数カ月前、Barnes & Nobleはハードウェアビジネスから撤退し、同社を2つの事業領域に分割すると発表して業界に衝撃を与えた。しかし先日、同社はこれを撤回し、「コンテンツビジネスに留まりたければ、デバイスビジネスを続ける必要がある」と発表した。
これに伴い、Barnes & Nobleは投資家向け電話会議を開催。NOOK Mediaのマイケル・ヒューズビーCEOの下では初の開催となる。Barnes & Nobleによるとハードウェアと電子コンテンツを含むNOOKの電子書籍事業の売り上げはわずか1億5300万ドルで、これは前年同期比で20%以上のマイナスとなった。
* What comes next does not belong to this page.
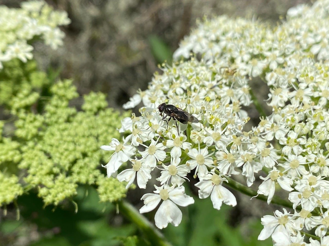 The glossy, black hoverflies, the Blacklets, Cheilosia sp. (family Syrphidae) are the most commonly seen visitors to the large umbels of the Cow Parsnip flowers today.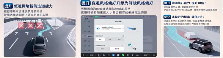 OTA 4.0升级后,传祺向往S7全面释放R6大模型的核心实力。首先是极智的安全辅助能力,新增FCTB前向横穿制动、RCTB后向横穿制动、RAEB后向自动紧急制动、PMA油门防误踩四大主动安全功能,即使低速起步或倒车遇到突然窜出的行人或车辆,系统也能主动刹停;在高速路段120km/h时速下遭遇危险,同样可实现紧急制动。其次是极智的安全守规能力,系统严格遵守交通规则,绝不压实线、不闯红灯,支持自主选择变道时机与加减速风格,面对加塞更从容,施工区域提前规划绕行路线,异形障碍物识别更精准。

ハードウェアの売り上げは23%のマイナス、コンテンツの売り上げは約16%のマイナスとなった。
ヒューズビーCEOによると「これまで、約1000万台のNOOKデバイスを販売しており、コンテンツのアクティベーションレベルはその実績をより反映する必要があります。よって、既存の顧客ベースに利便性が高いプログラムを導入しているところで、新たな売り上げを生み出す潜在力を持ったほかの消費者市場を積極的に探し求めています」という。
NOOKビジネスでBarnes & Nobleが損失を出している理由の1つは、同社が抱える大量在庫だ。「発売した製品に対する需要を過剰に見積もっていました。結果として、これらの製品を割り引きしなければならなくなり、現在も販売を行っています。同じ間違いを繰り返したくはありません。やがて、より大きなボリュームの低価格ビジネスへと移行するでしょう」。
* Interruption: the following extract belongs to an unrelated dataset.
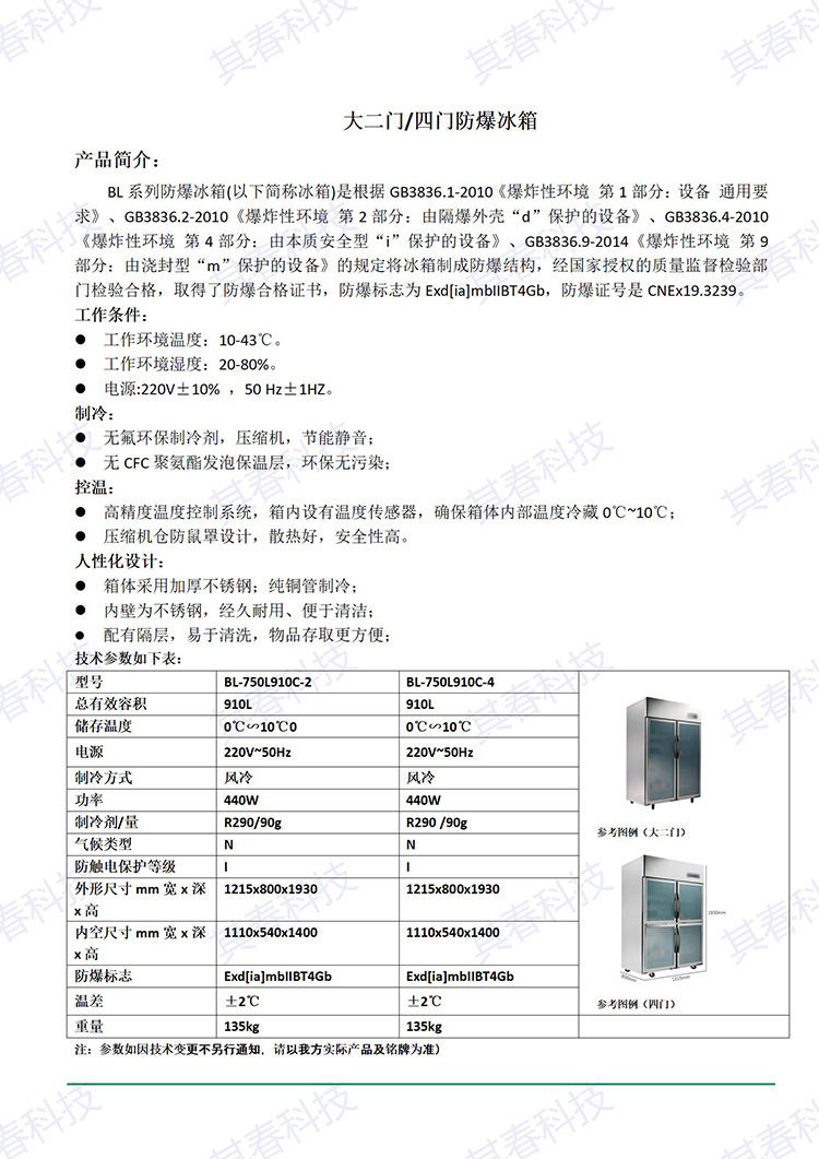 BL-750L910C-2对开门防爆冰箱

ヒューズビー氏は続けて「われわれの業務戦略で優先度が1番高いのはすべてのカテゴリーでコンテンツの売り上げを増大させることです。既存顧客にコンテンツを販売する革新的方法に取り組んでおり、成功裏に展開可能な新市場を探しています。Barnes & Nobleは最先端のNOOKデバイスをデザイン・開発し続けるつもりです。Nook Simple Touch、Nook Simple Touch with Glow Light、Nook HD、Nook HD+を含むNOOKの製品ラインを市場最安値で提供し続けます。また、今年のホリデーシーズンには新たなNOOKデバイスを少なくとも1モデルリリース予定で、さらに製品を開発中です。すべてのNOOKデバイスはBarnes & Nobleストアの販売前・後サポートだけでなく、電子書籍ストアサービスに対して継続的に行われているソフトウェア更新・改善によっても支えられています」という。
Barnes & Nobleの投資家はこの発表に衝撃を受け、失われ続ける企業の資金にほとんど信頼を置いていない。人々は同社がNOOK Mediaに対する完全な事業ビジョンを欠いていることに懸念を抱いているのかもしれず、新製品については話半分に受け取っている。